Today was the first day for us to be completely out of sight of land.  As I stood on the flying bridge, the topmost deck of our ship, I saw a dark, royal-blue ocean stretching away in all directions to meet a paler blue sky at the horizon.  The ocean had swells with a few white caps here and there; the sky had happy fair-weather clouds scattered about.  There was no green anywhere.

spinner dolphins
A young Red-footed Booby drops by the research vessel around lunchtime. (Photo: Barbara Mayer)
I'm not complaining; in fact, I felt a sense of freedom with all this wide-open spaciousness. Perhaps cowboys have a similar feeling when they work on the open range.

Nonetheless, when a familiar seabird showed up and circled our ship, I felt as if a neighbor had come for a friendly visit.
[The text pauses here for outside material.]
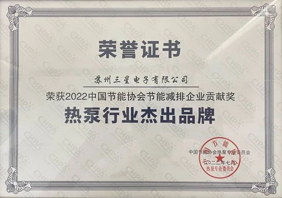 三星中央空调凭借雄厚的科研技术团队及优质的服务体系,获得中国节能协会热泵专业委员会的认可,荣获“2022中国节能协会节能减排企业贡献奖”热泵行业杰出品牌称号。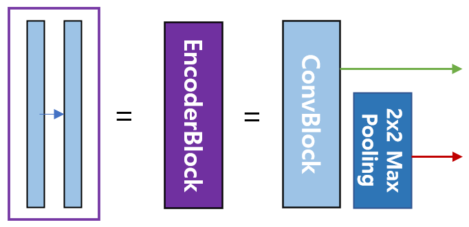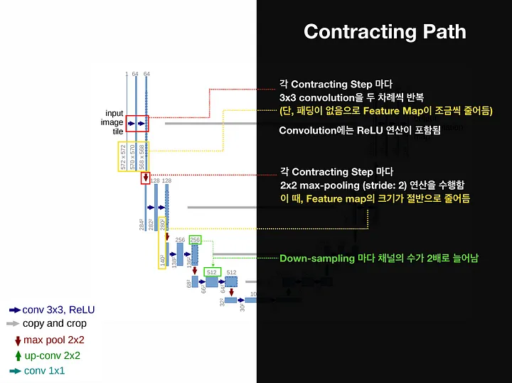 또한 conv Block을 감싸는 보라색은 인코더블록을 의미하며, 빨간색 선은 2x2 max pooling을 하며 다운 샘플링을 한 후 인코더의 다음 단계로 내보내고, 초록색선은 디코더로 복사하기 위한 skip connection을 나타낸다.(전체 그림을 보는 게 이해가 잘 갑니다) 이 Downsampling 과정에서 convolution layer을 거칠 때 패딩을 주지 않아 이미지의 크기가 작아진다.

I live in Waimānalo on O'ahu; when I go for an early morning beach walk, I often see Red-footed Boobies doing their dawn fly-along-the-coast before heading out to sea for the day.  These elegant birds are saddled with an unfortunate English name; I much prefer their Hawaiian name, ‘Ā, which sounds like “ah,” the appreciative, clipped beginning of the English phrase for a sudden discovery, “ah-haaaa!”  

The ‘Ā are important in Polynesian wayfinding.  If the birds are spotted by the sailing canoe in the early morning when the ‘Ā are flying out to sea to fish, then the navigator knows the direction from which the birds are flying is the direction to land.  At the end of the day, the birds are flying back home, toward land.

We spotted the booby as it flew around our ship, and it was plainly looking for a place to perch and rest in the middle of the day.  He (or she) had flown about 200 miles from land; would you go that far for lunch?!  He was obviously a young bird, because it had not yet gained the beautiful white feathers over much of its body, with jet-black flight feathers at the trailing edge of each wing.  Its feet were only slightly pinkish, not the full red of adult birds.  Perhaps the bird’s youth explained why he didn’t seem quite able to maneuver a landing on the front mast.  There’s only a small bit of level surface on which to land, among the wind direction devices and lights. 

Finally, the bird landed on the ocean surface, not far away from us.  It must have needed only a brief rest, because it soon took off from the ocean, flew around our ship a few times as if saying, "A hui hou (see you again) neighbor," and then flew away.  I wished him well on his long flight home.